== INPUT RECORDS ==
◇ ◇ ◇
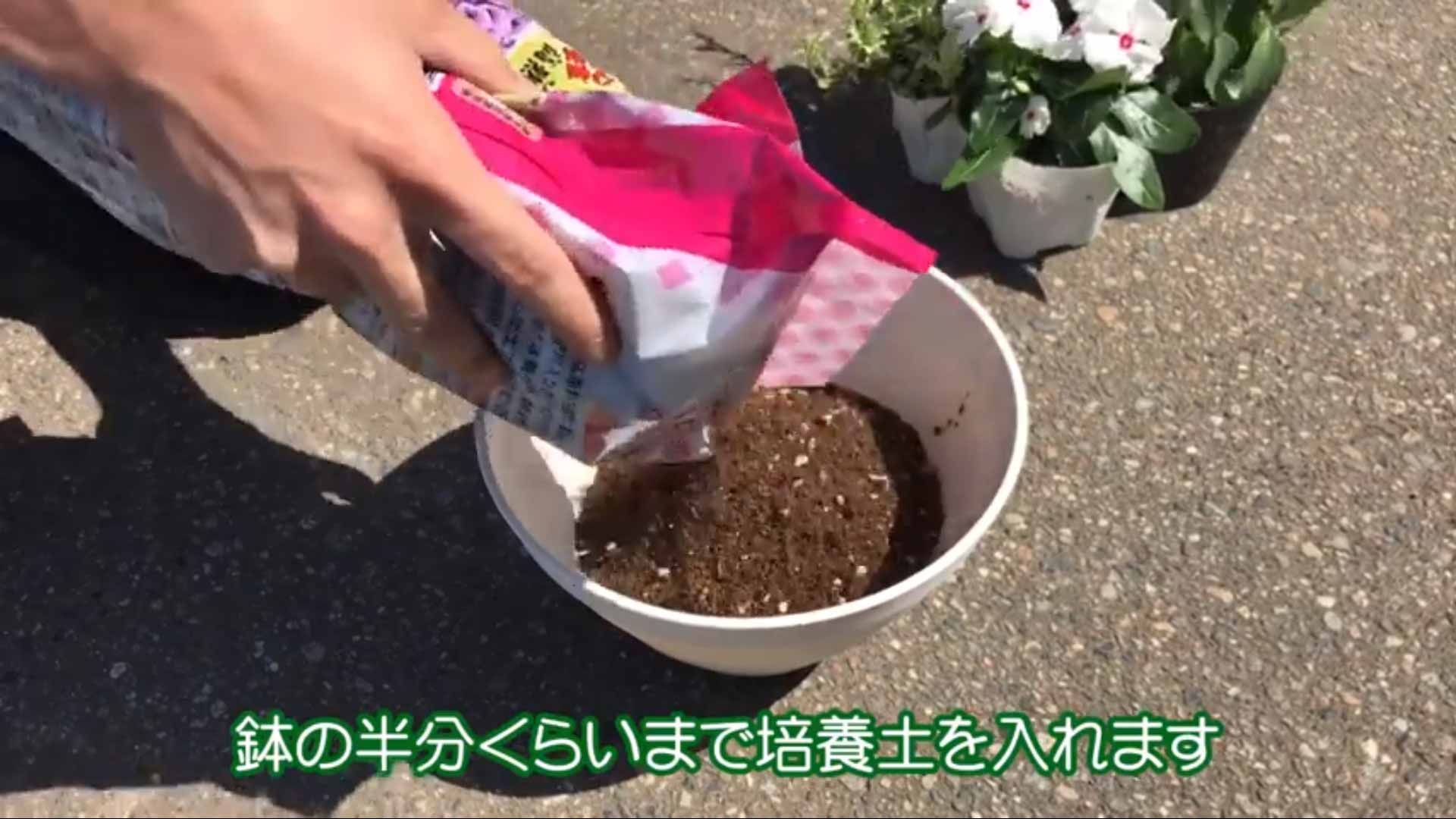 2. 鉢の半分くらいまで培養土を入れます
◇ ◇ ◇
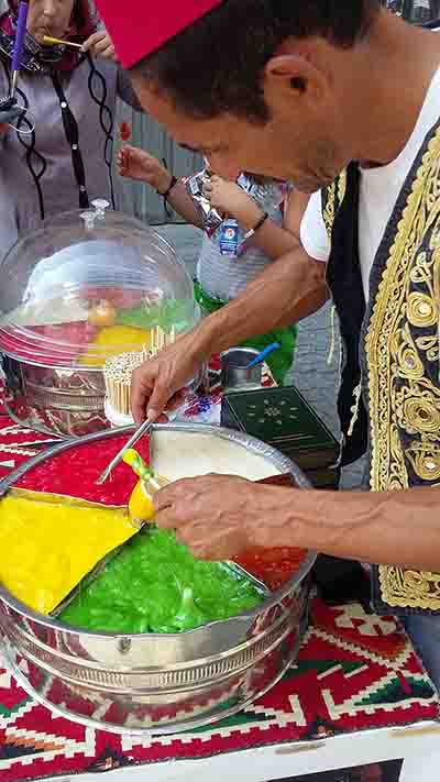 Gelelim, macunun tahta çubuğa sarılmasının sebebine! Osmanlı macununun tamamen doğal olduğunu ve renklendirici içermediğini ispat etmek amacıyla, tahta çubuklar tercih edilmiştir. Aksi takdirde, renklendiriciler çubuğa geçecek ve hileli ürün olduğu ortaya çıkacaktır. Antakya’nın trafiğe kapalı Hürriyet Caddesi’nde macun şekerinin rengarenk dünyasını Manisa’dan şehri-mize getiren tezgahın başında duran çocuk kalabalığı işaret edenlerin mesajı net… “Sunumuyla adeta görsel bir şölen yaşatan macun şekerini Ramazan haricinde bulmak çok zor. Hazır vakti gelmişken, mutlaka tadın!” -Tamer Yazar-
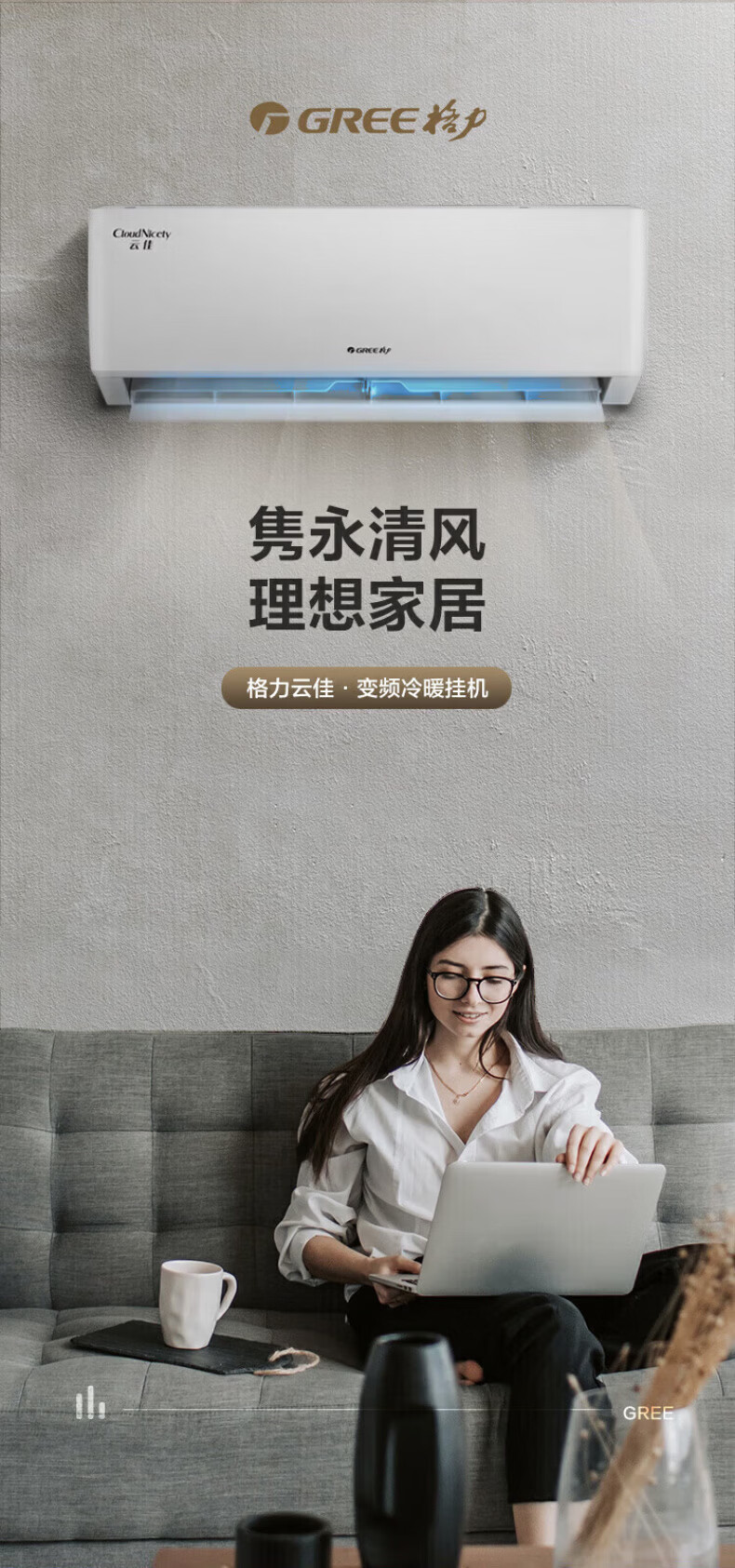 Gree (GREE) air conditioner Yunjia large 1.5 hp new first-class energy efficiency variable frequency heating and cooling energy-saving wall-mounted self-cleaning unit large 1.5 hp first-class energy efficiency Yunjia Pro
◇ ◇ ◇
== INSTRUCTIONS TO FOLLOW ==
Copy the listing above exactly, but only from the line with "Gelelim, macunun tahta" through the line with "Gree (GREE) air", including those two lines and excluding any picture.

== RESULT ==
 Gelelim, macunun tahta çubuğa sarılmasının sebebine! Osmanlı macununun tamamen doğal olduğunu ve renklendirici içermediğini ispat etmek amacıyla, tahta çubuklar tercih edilmiştir. Aksi takdirde, renklendiriciler çubuğa geçecek ve hileli ürün olduğu ortaya çıkacaktır. Antakya’nın trafiğe kapalı Hürriyet Caddesi’nde macun şekerinin rengarenk dünyasını Manisa’dan şehri-mize getiren tezgahın başında duran çocuk kalabalığı işaret edenlerin mesajı net… “Sunumuyla adeta görsel bir şölen yaşatan macun şekerini Ramazan haricinde bulmak çok zor. Hazır vakti gelmişken, mutlaka tadın!” -Tamer Yazar-
 Gree (GREE) air conditioner Yunjia large 1.5 hp new first-class energy efficiency variable frequency heating and cooling energy-saving wall-mounted self-cleaning unit large 1.5 hp first-class energy efficiency Yunjia Pro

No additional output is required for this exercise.